Ils l’ont défigurée oui ! Mais qui ? Mais la Messe catholique bien sûr et principalement, la communion eucharistique ! Je me suis permis de faire un pastiche de Mgr Lefevbre et de son ouvrage, Ils l’ont découronné, pour rendre hommage à cet évêque sans qui nous n’aurions plus le trésor de la messe de Saint Pie V. Ca faisait longtemps que je réfléchissais à un article sur le sujet, surtout après la lecture de Mgr Schneider, Corpus Christi, à propos du drame, voire du sacrilège, qu’est la communion dans la main. Un sacrilège qui s’inscrit dans la crise moderniste de l’Eglise catholique.

Un excellent article du Chanoine Laurent Jestin de l’ICRSP, paru dans la revue Catholica cet automne, a retenu mon attention, notamment des citations de nos « amis » modernistes pour argumenter sur la mise en place de la communion dans la main.

La première est tout bonnement ridicule et émane de Denise Lamarche dans La messe en questions  qui souhaite revendiquer une foi adulte. Sainte Thérèse, plus grande sainte des temps modernes selon Saint Pie X, doit se retourner dans sa châsse, elle qui a prôné la Petite voie d’Enfance : 

Cette façon de communier [dans la main] a tellement plus de sens que de  la recevoir sur la langue. Ce sont les bébés que l’ont fait manger. Les adultes prennent eux-mêmes la nourriture qu’ils mangent.

Aurions-nous l’outrecuidance de rappeler à Mme Lamarche ce passage évangélique : « si vous ne vous convertissez et ne devenez comme les petits enfants, vous n’entrerez point dans le royaume des cieux » (Mt 18, 3) ?

Le Père Jean-Noël Bezançon et son livre La messe de tout le monde. Sans secret, ni sacré, ni ségrégation (tout un programme…) abondent dans le même sens :

« Prenez… », avait dit le Seigneur. Comment en est-on venu à cesser de prendre, pour recevoir le Pain de vie directement dans la bouche ?
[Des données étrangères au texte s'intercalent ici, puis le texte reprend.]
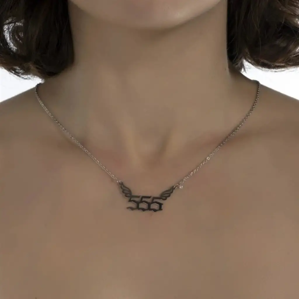 Gümüş Renk Zincirli Siyah Kalp Pençe İthal Kolye
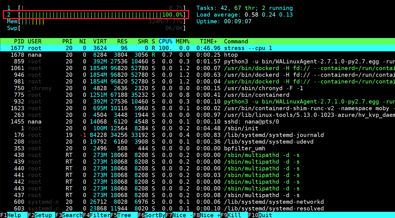 docker run -c 2048 --name cload1 -d stress:latest
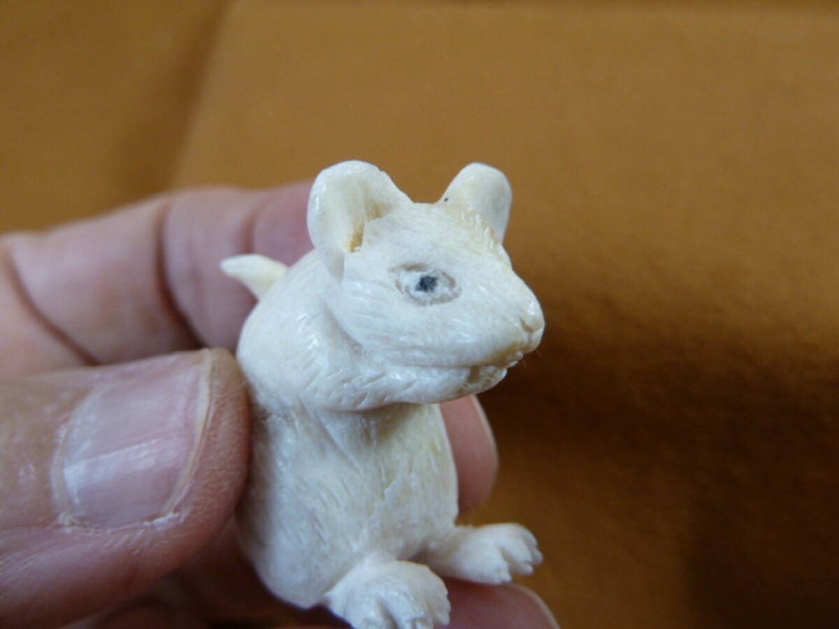 (MOU-W6) little white gray Mouse shed ANTLER figurine Bali detailed field mice
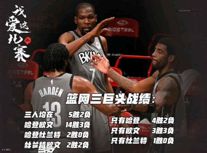 根据统计,杜兰特、欧文、哈登的篮网三巨头自从走在一起后,他们一起一共打了7场比赛,一共同时在场186分钟,这7场比赛,篮网队的战绩是5胜2负,值得一提的是,三人一起首发的六场,他们的战绩是5胜1负。
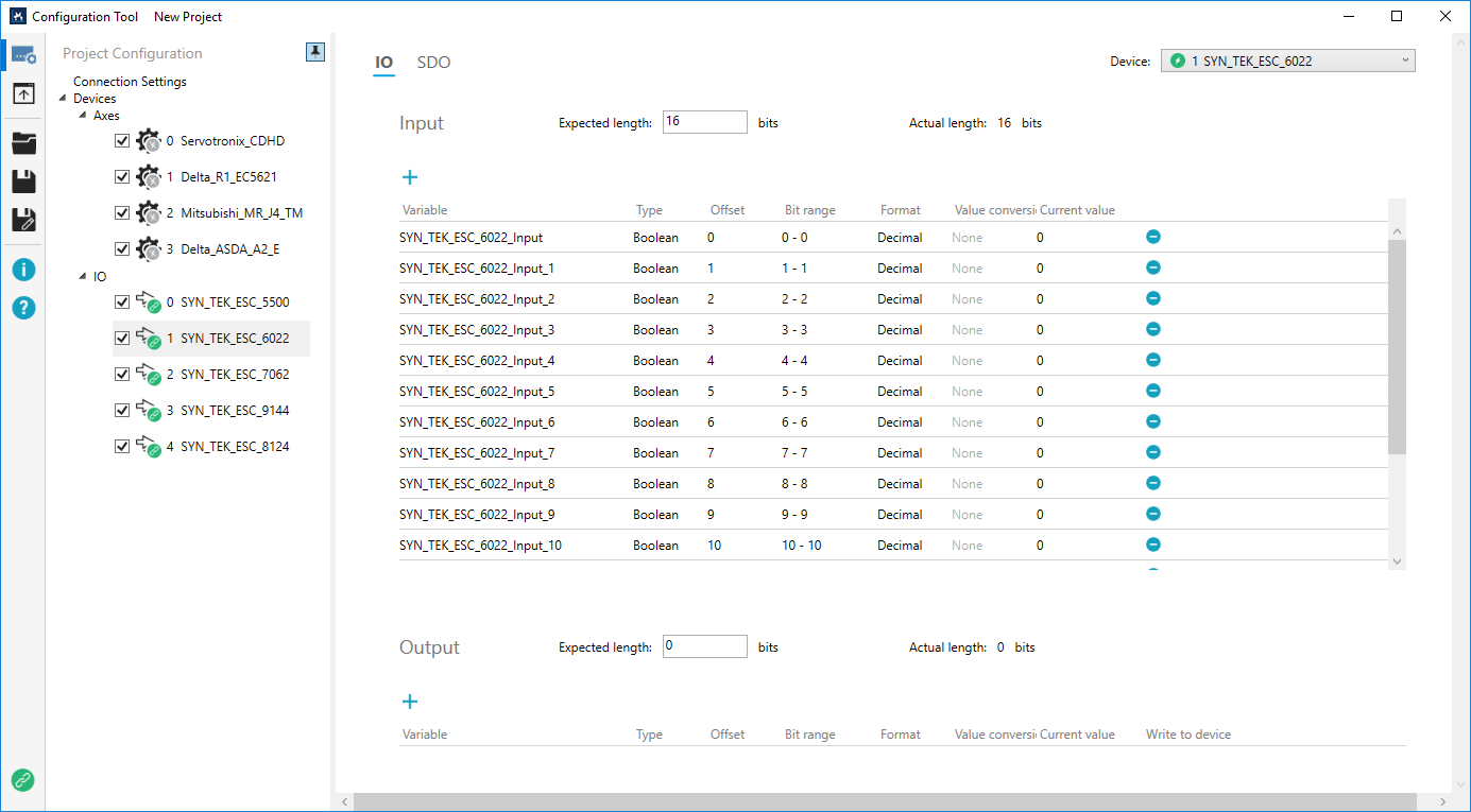 Blue plus (): adds a new variable to the input or output. If the input or output can't accept the variable, Bit range and Current value will be displayed in red.
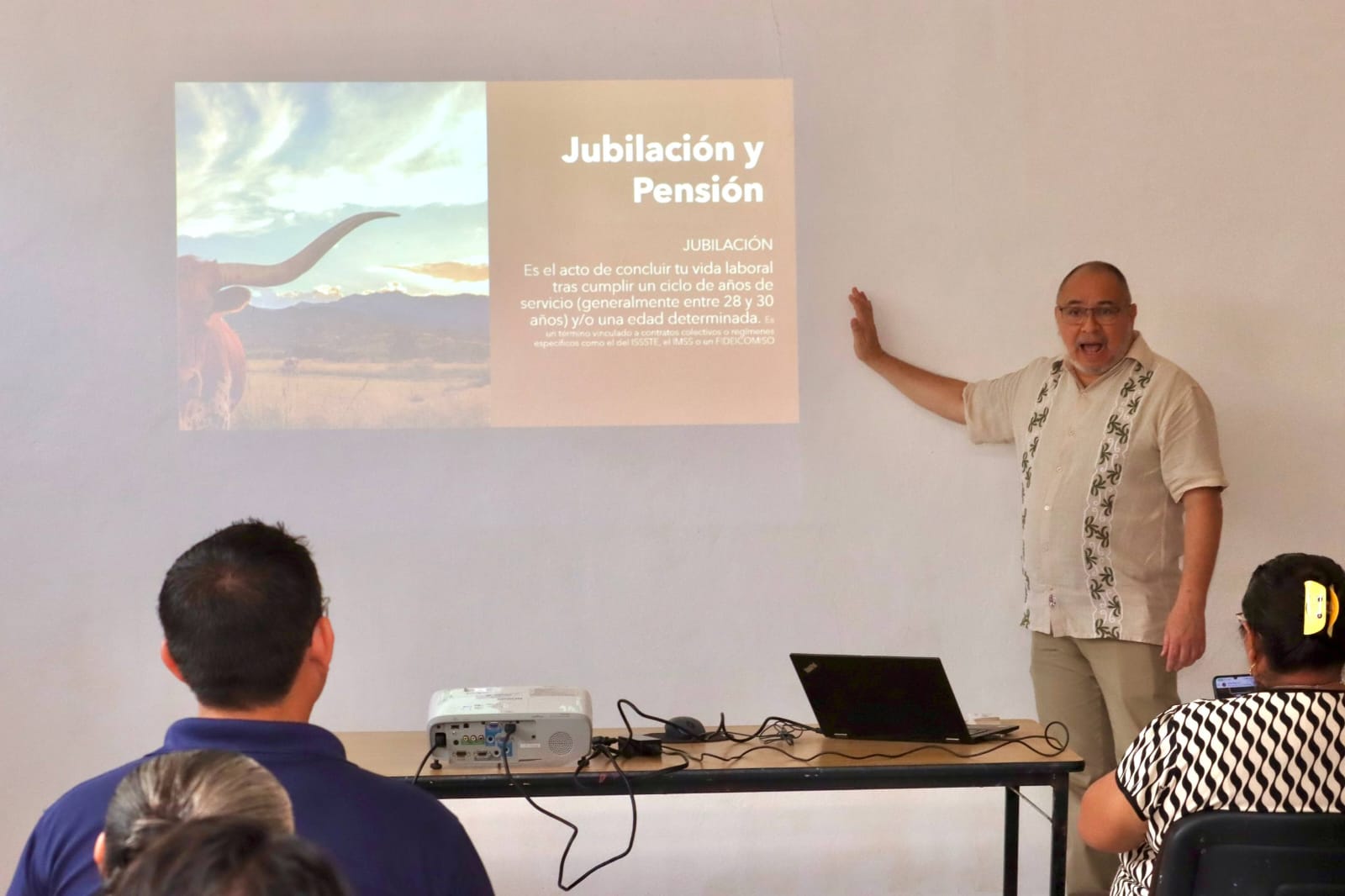 La jornada de formación estuvo a cargo del asesor Iván Esquível Molina, representante de GMX Seguros, quien desarrolló una exposición técnica y práctica sobre el Sistema Mexicano de Pensiones, abordando las diferencias entre jubilación y pensión, así como las características del régimen del IMSS, ISSSTE y el sistema privado.
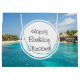 Herzlichen Glückwunsch zum Geburtstag mit einem wunderschönen Foto mit einem tropischen Badeort. Hübsches blaues Wasser und weißer Sandstrand mit Strohhütten geben ihm eine ruhige Inselatmosphäre. Ein weißer Kreis, oben mit dem Text, der sich darin befindet.
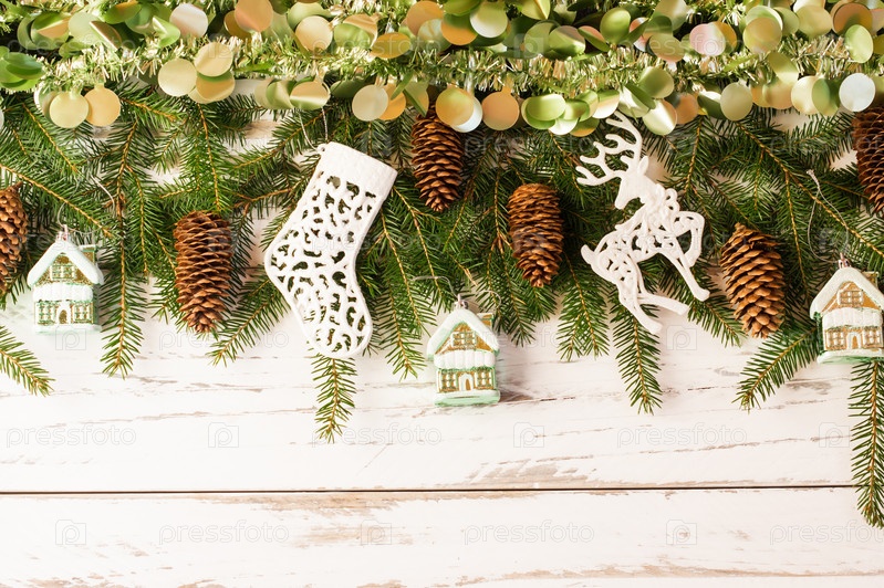 Рождественский новогодний фон с большой гирляндой украшений на белом деревянном столе. вид сверху

On a envie de lui répondre de reprendre l’histoire de la liturgie catholique afin qu’il s’aperçoive que, dès le Vè siècle, la communion sur la langue est la norme donnée par Rome. Mais le modernisme n’en est plus à une ignorance près… Il argumentera plus loin avec la fameuse phrase de Saint Cyrille de Jérusalem qui, si on la prend en entier, révèle un rite bien bizarre et qui n’a du témoigner qu’au pire, d’un usage très local :

Le rite restauré (sic) est celui des Catéchèses de Jérusalem de 400, où les mains de l’homme sont présentées comme « un trône » pour accueillir la présence du Seigneur. De fait, les mains tendues par ces mendiants de Dieu donnent à lire toute une vie qui s’offre à la rencontre de son Dieu. Déposer l’hostie dans la main calleuse du travailleur ou celle de l’écolier  dont le feutre coloré n’est pas complètement effacé, mais bien plus encore sur l’alliance des époux, est un geste fort, bien dans la logique de l’Incarnation.

Mgr Schneider dira logiquement que nous plongeons en plein semi-arianisme eucharistique. Le plus grave est que cela provient d’une permission donnée par Rome en 1969 dans Memoriale Domini, s’intégrant dans le mouvement de désacralisation de la liturgie post-conciliaire et s’associant à la présentation de la messe comme repas et de la communion comme partage. On le voit donc bien, ce problème de forme est également un problème de fond, mais plus encore de foi ! Pour résoudre cette crise, Mgr Schneider propose une solution : le retour à une vraie révérence intérieure et extérieure envers le Saint-Sacrement est la condition nécessaire à un renouveau de l’Eglise.

Les plus grands réformateurs et les vrais évangélisateurs l’ont dit : le progrès spirituel de l’Eglise se mesure au respect et à la dévotion envers le sacrement de l’autel. (…) le Seigneur apportera à l’Eglise d’aujourd’hui les grâces particulières nécessaires au vrai renouveau appelé de leurs voeux par le bienheureux Jean XXIII et par les pères conciliaires seulement dans la mesure où il sera vénéré et aimé de façon visible, en particulier et surtout au moment de la Sainte Communion.

Il nous faut donc garder l’Espérance dans notre combat pour retrouver la dignité du Corps Eucharistique de Notre Seigneur Jésus-Christ.